Can we please bury the notion that Newt Gingrich is some kind of deep thinker? His intellect may be as broad as the sea, but it’s about as deep as a birdbath.

I’m not saying the Republican presidential front-runner is unacquainted with ideas. Quite the contrary: Ideas rain through his brain like confetti, escaping at random as definitive pronouncements about this or that. But they are other people’s ideas, and Gingrich doesn’t bother to curate them into anything resembling a consistent philosophy. Given enough time, I’m convinced, he will take every position on every issue.

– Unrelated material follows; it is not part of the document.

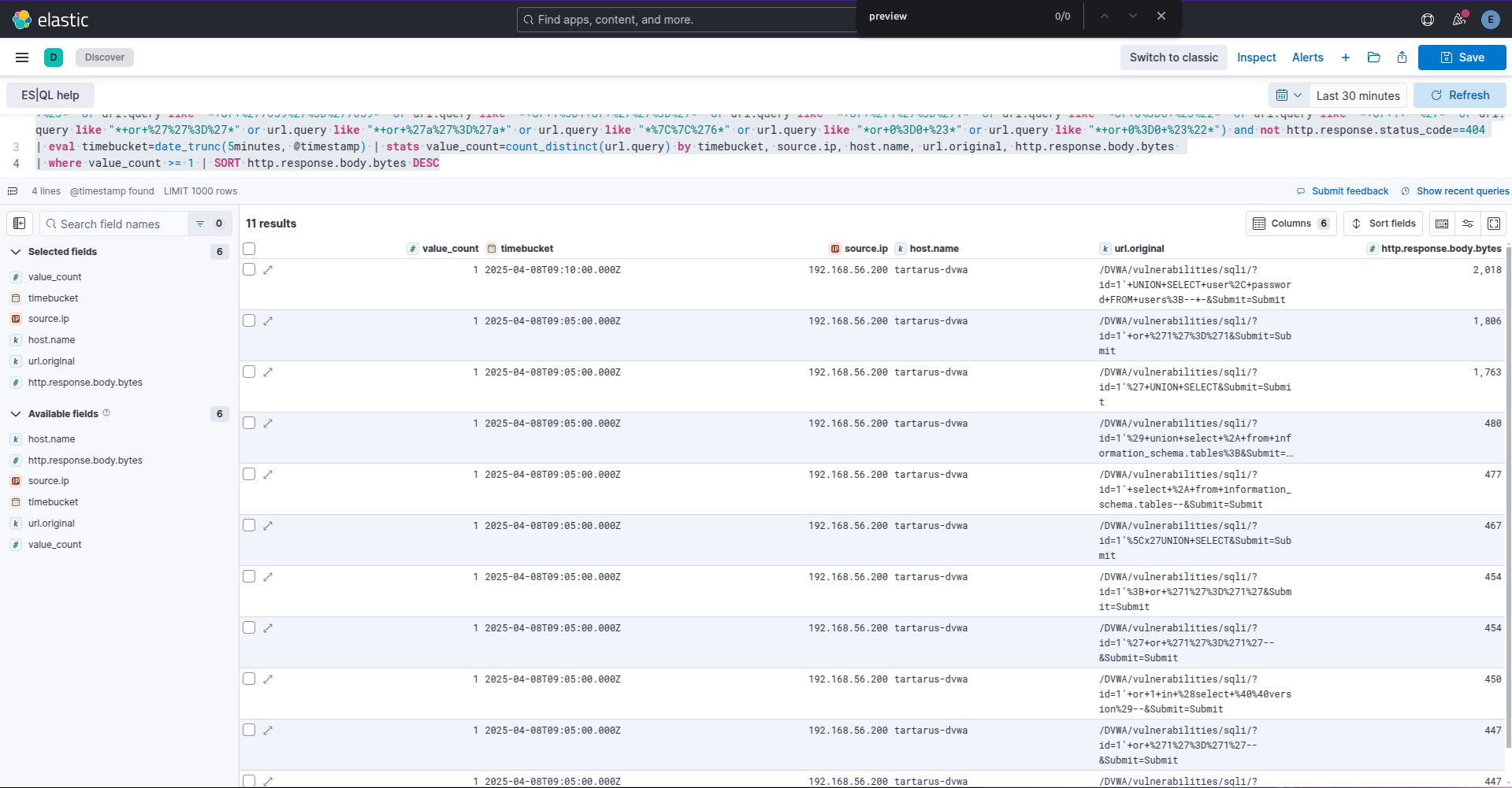 We have the same challenge as the discussed in the File Inclusion Challenge, how do we determine without the response body content what requests succeeded and which failed? Going back to basics, what information do we have? The response size would give us a clue. Running the following ES|QL search (It’s almost the same search the rule runs, or should run we won’t get into preview rule runs here):

The week’s most vivid example of Gingrich’s intellectual promiscuity sent principled conservatives into apoplexy. Mitt Romney, his chief opponent for the GOP nomination, had called on Gingrich to return the $1.6 million in consulting fees he received from housing giant Freddie Mac. Gingrich replied that he would “be glad to listen” if Romney would first “give back all the money he’s earned from bankrupting companies and laying off employees” during his time as head of the investment firm Bain Capital.

If this were a column about Gingrich’s hypocrisy, the point would be that he has been scorchingly critical of Freddie Mac while at the same time accepting tons of the firm’s money. But this is about his shallowness — and the fact that in blasting Romney he adopted the ideas and rhetoric of Occupy Wall Street.

Republicans are supposed to believe that “bankrupting companies and laying off employees” is something to celebrate, not bemoan, because this is seen as the way capitalism works. Even in the heat of a campaign, no one who has thought deeply about economics and adopted the conservative viewpoint — which Gingrich wants us to believe he has done — could possibly commit such heresy.

Gingrich doesn’t just borrow ideas from the protesters he once advised to “get a job, right after you take a bath.” He’s as indiscriminate as a vacuum cleaner, except for a bias toward the highfalutin and trendy.

Take his solution for making the federal government so efficient that we could save $500 billion a year: a management system called Lean Six Sigma. There’s no way Gingrich could resist such a shiny bauble of jargon. Why, the name even includes a letter of the Greek alphabet — the sort of erudite touch that a distinguished professor of history, such as Gingrich, could not fail to appreciate.

I won’t argue with the corporate executives who say that Lean Six Sigma works wonders for their firms. But is a technique developed by Motorola to reduce the number of defects in its electronic gear really applicable to government? There’s no reason to think it would be, unless you somehow restructured government to introduce competition and a genuine, not simulated, profit motive. I guess Professor Gingrich will get back to us on that; at the moment, he’s too busy playing with his new piece of management-speak.

Another example is Gingrich’s bizarre claim last year that “Kenyan, anti-colonial behavior” was the key to understanding President Obama. Aside from being one of the stranger, least comprehensible utterances by a prominent American politician in recent memory — and that’s saying something — it was also completely unoriginal. Gingrich was citing and endorsing a hallucinatory piece in Forbes by Dinesh D’Souza. It was merely the idea du jour.

Gingrich finds it hard to watch an intellectual fad pass by without becoming infatuated. Do you remember Second Life, the digital realm? In 2007, he told us it was “an example of how we can rethink learning” and potentially “one of the great breakthroughs of the next 10 years.” I know Second Life still exists, but have you heard a lot about it recently? Has it changed your world?

Gingrich didn’t originate the idea of solving the health insurance problem through an individual mandate, but he supported it — before bitterly opposing it. Nor was he saying anything new last week when he made the offensive claim that Palestinians are an “invented people.” His xenophobic views about the alleged threat to the United States from Islam and Shariah law are in conflict with earlier statements praising immigration and the melting pot as great American strengths. But for Gingrich, the word “contradiction” has no meaning. His discourse knows no past and no future, just the glib opportunism of now.

Gingrich’s debating technique is dogmatic insistence, rather than persuasion. I guess he realizes that to convince someone of an idea, first he would have to understand it.

Eugene Robinson’s e-mail address is eugenerobinson(at)washpost.com.